▸ **Available records**:
--- START ---

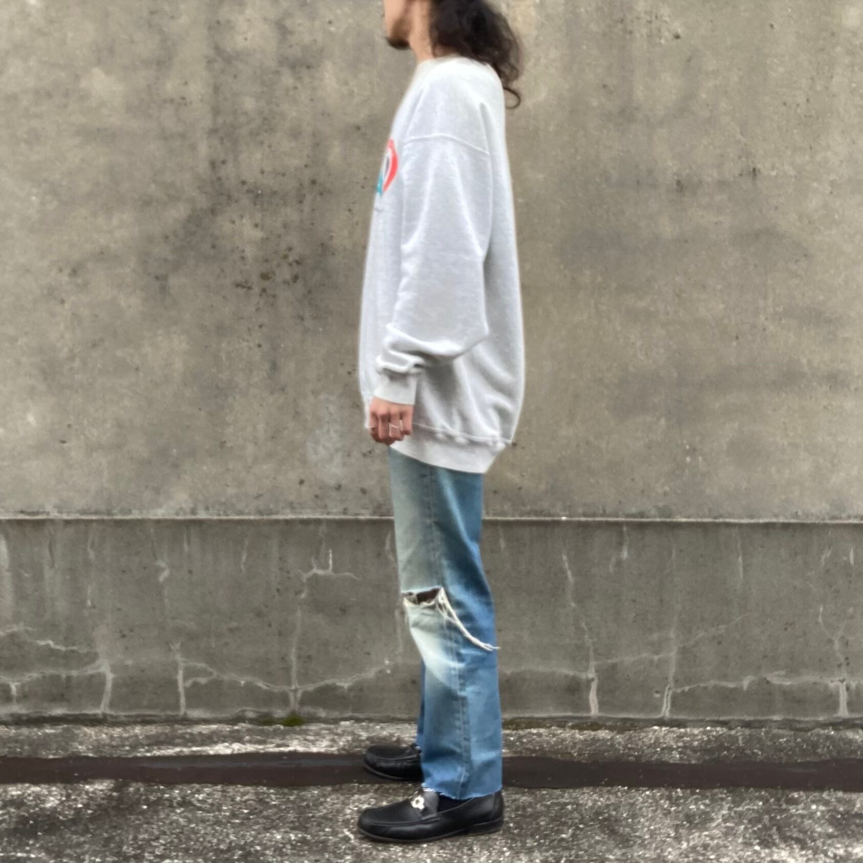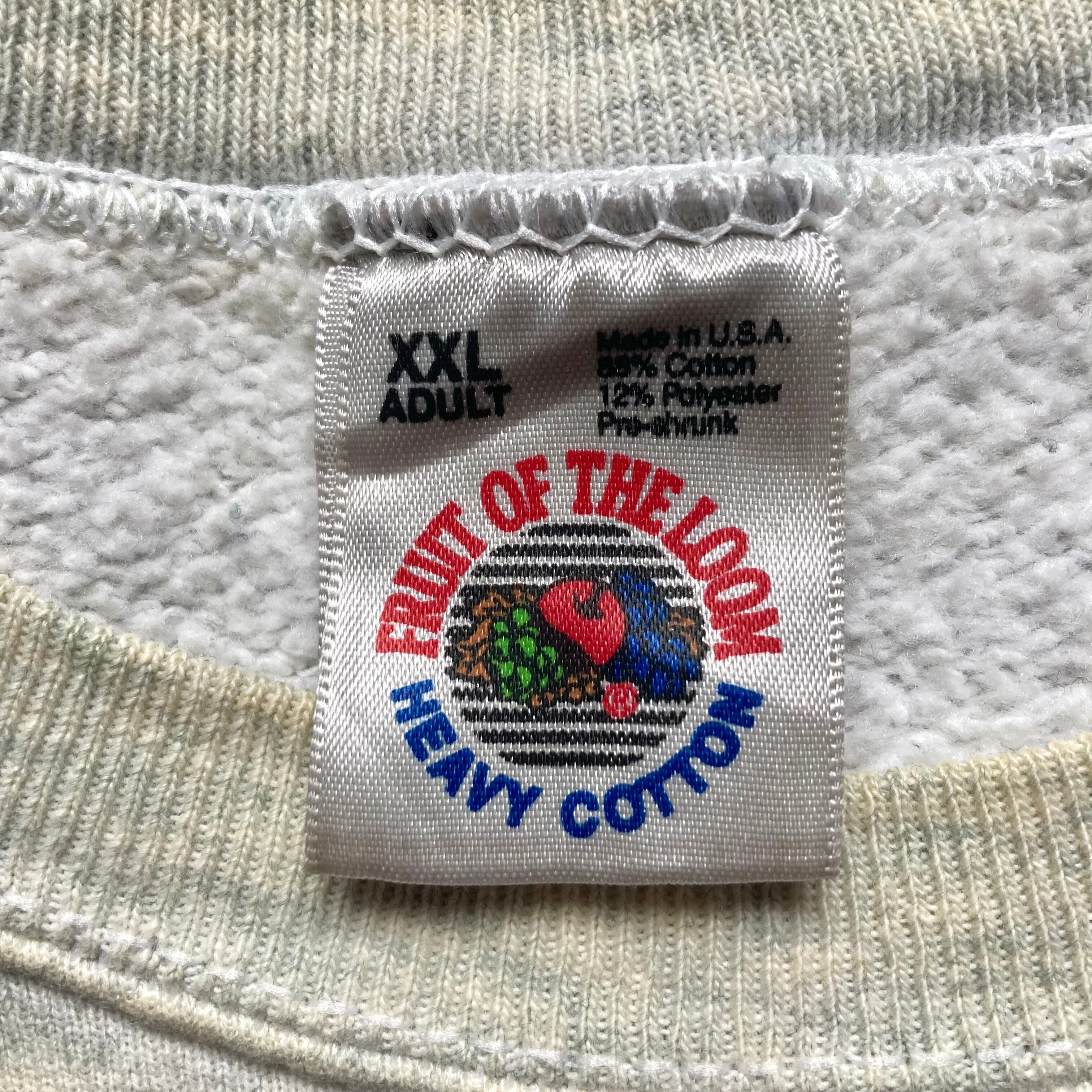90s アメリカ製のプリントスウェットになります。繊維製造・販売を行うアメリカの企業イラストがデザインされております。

--- END ---
--- START ---

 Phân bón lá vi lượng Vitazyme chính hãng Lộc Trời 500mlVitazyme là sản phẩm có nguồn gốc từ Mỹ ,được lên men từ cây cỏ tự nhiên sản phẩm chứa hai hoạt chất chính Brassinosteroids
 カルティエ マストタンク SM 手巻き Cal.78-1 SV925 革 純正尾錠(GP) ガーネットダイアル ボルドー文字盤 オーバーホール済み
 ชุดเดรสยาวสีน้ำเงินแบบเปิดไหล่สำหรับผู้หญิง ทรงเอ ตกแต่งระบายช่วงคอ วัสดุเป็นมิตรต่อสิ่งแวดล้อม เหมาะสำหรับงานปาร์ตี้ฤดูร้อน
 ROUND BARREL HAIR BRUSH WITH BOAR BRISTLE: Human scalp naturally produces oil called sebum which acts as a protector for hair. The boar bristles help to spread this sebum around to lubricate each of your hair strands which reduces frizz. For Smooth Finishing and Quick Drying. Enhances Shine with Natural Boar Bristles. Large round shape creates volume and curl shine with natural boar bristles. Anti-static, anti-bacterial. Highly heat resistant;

--- END ---
--- START ---

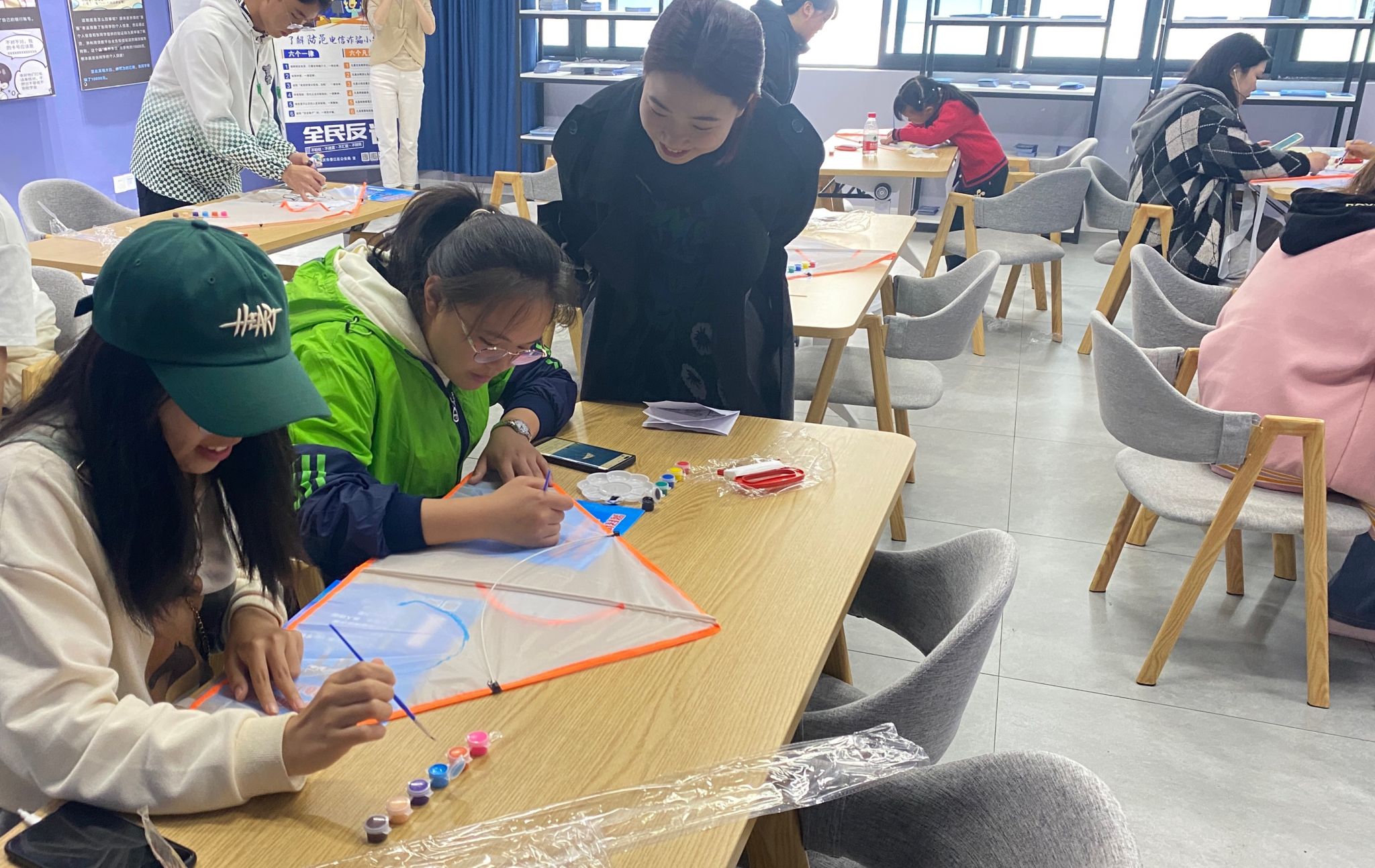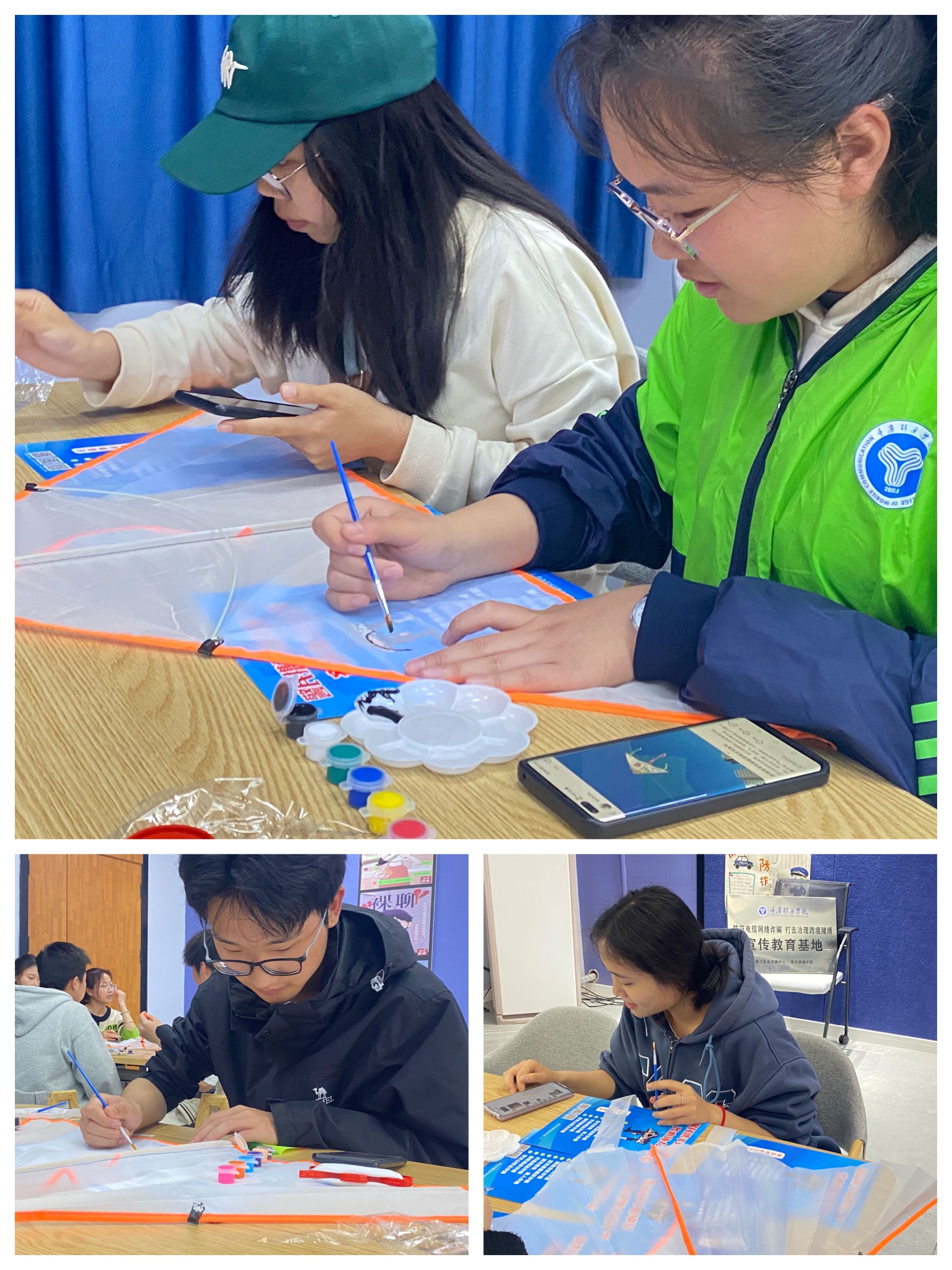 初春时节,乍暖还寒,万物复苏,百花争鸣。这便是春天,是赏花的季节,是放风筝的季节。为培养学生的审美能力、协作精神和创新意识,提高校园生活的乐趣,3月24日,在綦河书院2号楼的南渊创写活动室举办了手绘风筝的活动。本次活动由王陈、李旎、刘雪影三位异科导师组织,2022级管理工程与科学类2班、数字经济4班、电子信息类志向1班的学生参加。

--- END ---

▸ **Exercise**: Take the listing above and repeat exactly the lines from the one containing "カルティエ マストタンク SM" through the one containing "ROUND BARREL HAIR", both included.

▸ **Response**:
 カルティエ マストタンク SM 手巻き Cal.78-1 SV925 革 純正尾錠(GP) ガーネットダイアル ボルドー文字盤 オーバーホール済み
 ชุดเดรสยาวสีน้ำเงินแบบเปิดไหล่สำหรับผู้หญิง ทรงเอ ตกแต่งระบายช่วงคอ วัสดุเป็นมิตรต่อสิ่งแวดล้อม เหมาะสำหรับงานปาร์ตี้ฤดูร้อน
 ROUND BARREL HAIR BRUSH WITH BOAR BRISTLE: Human scalp naturally produces oil called sebum which acts as a protector for hair. The boar bristles help to spread this sebum around to lubricate each of your hair strands which reduces frizz. For Smooth Finishing and Quick Drying. Enhances Shine with Natural Boar Bristles. Large round shape creates volume and curl shine with natural boar bristles. Anti-static, anti-bacterial. Highly heat resistant;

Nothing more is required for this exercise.